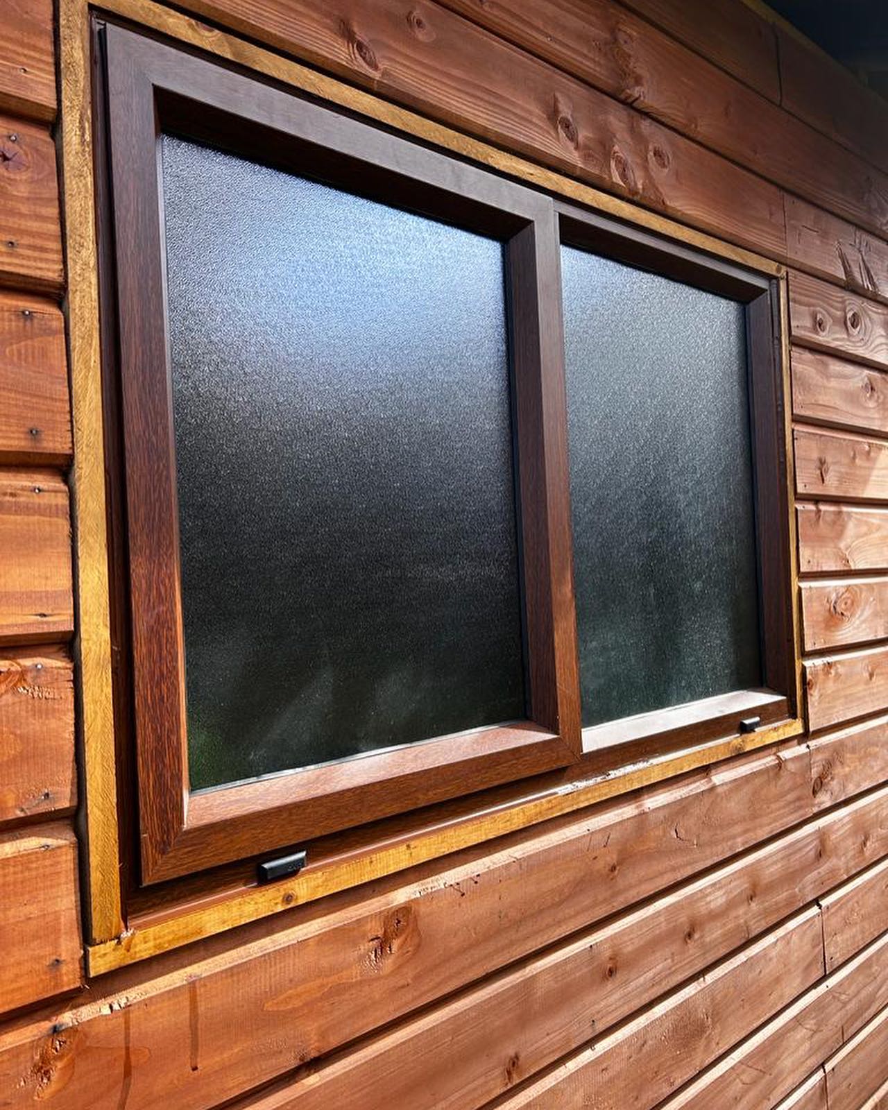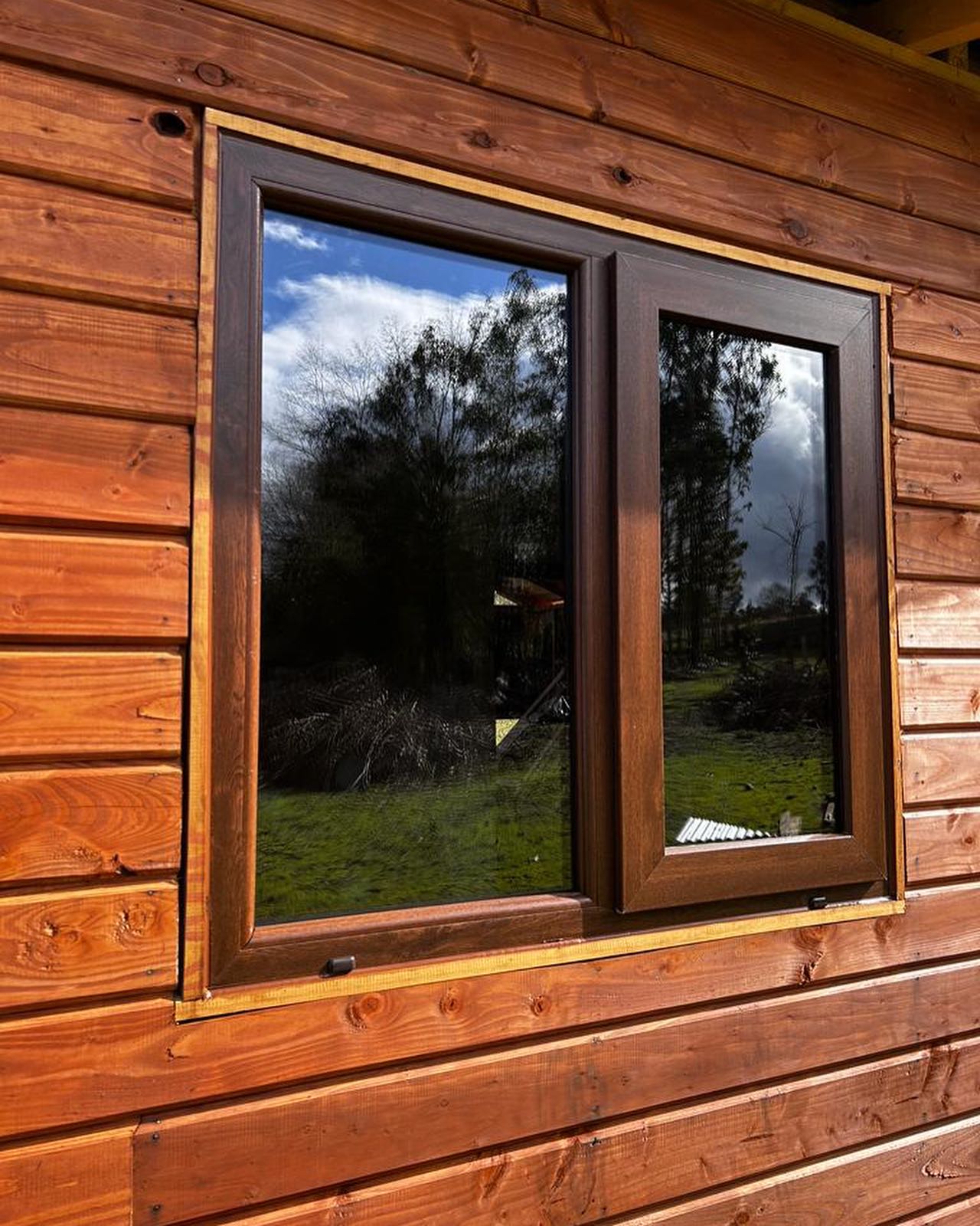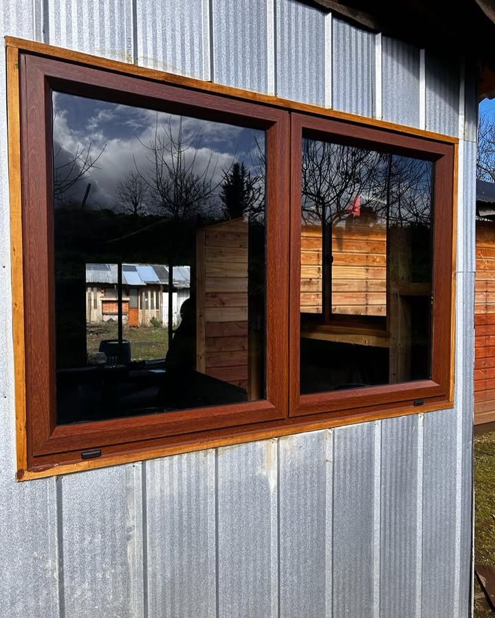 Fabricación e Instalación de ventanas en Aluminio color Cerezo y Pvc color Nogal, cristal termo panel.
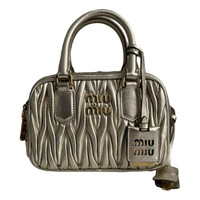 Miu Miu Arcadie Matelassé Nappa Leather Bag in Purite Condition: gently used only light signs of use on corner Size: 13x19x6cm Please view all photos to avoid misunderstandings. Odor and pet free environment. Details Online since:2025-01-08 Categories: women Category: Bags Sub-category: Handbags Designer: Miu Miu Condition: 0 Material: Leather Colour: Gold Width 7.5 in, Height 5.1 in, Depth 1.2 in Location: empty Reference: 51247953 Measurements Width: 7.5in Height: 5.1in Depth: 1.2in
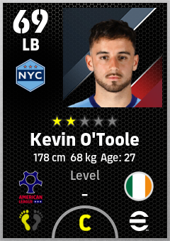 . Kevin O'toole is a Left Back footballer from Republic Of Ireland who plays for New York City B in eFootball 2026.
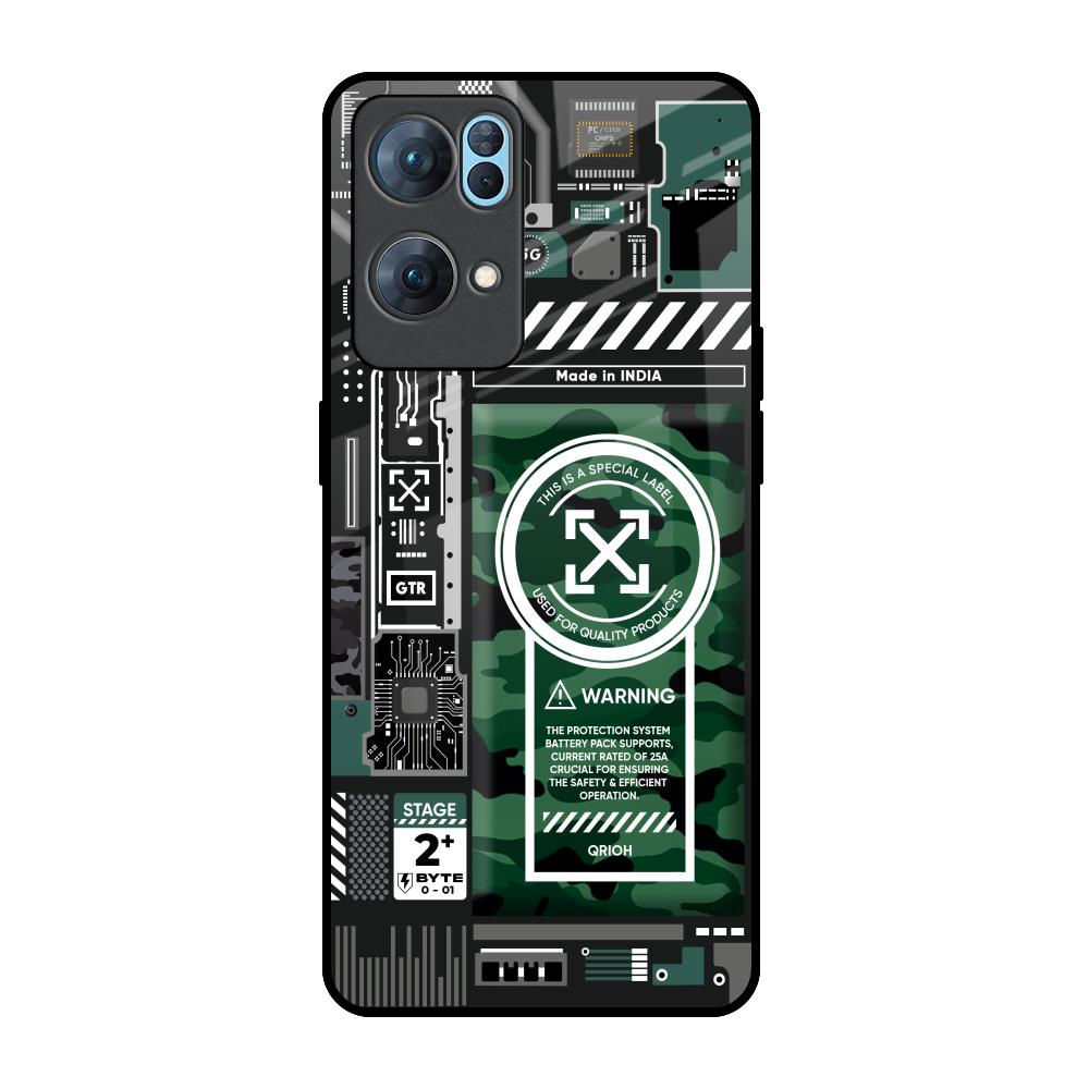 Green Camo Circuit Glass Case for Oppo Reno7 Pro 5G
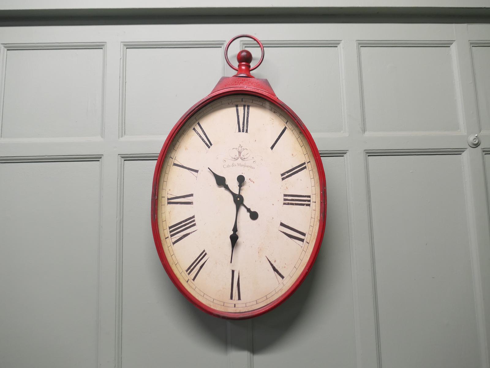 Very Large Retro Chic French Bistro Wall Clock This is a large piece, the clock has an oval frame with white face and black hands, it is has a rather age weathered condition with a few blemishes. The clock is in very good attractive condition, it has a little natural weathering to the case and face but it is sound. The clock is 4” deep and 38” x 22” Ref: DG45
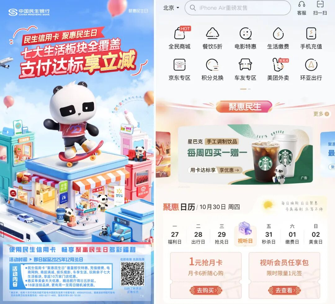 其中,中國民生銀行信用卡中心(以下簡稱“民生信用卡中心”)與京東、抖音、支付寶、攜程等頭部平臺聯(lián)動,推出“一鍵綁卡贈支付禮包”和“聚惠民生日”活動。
================
- AIM OF THE TASK
Transcribe the full listing above exactly, with the images removed.

- RESPONSE
 Fabricación e Instalación de ventanas en Aluminio color Cerezo y Pvc color Nogal, cristal termo panel.
 Miu Miu Arcadie Matelassé Nappa Leather Bag in Purite Condition: gently used only light signs of use on corner Size: 13x19x6cm Please view all photos to avoid misunderstandings. Odor and pet free environment. Details Online since:2025-01-08 Categories: women Category: Bags Sub-category: Handbags Designer: Miu Miu Condition: 0 Material: Leather Colour: Gold Width 7.5 in, Height 5.1 in, Depth 1.2 in Location: empty Reference: 51247953 Measurements Width: 7.5in Height: 5.1in Depth: 1.2in
 . Kevin O'toole is a Left Back footballer from Republic Of Ireland who plays for New York City B in eFootball 2026.
 Green Camo Circuit Glass Case for Oppo Reno7 Pro 5G
 Very Large Retro Chic French Bistro Wall Clock This is a large piece, the clock has an oval frame with white face and black hands, it is has a rather age weathered condition with a few blemishes. The clock is in very good attractive condition, it has a little natural weathering to the case and face but it is sound. The clock is 4” deep and 38” x 22” Ref: DG45
 其中,中國民生銀行信用卡中心(以下簡稱“民生信用卡中心”)與京東、抖音、支付寶、攜程等頭部平臺聯(lián)動,推出“一鍵綁卡贈支付禮包”和“聚惠民生日”活動。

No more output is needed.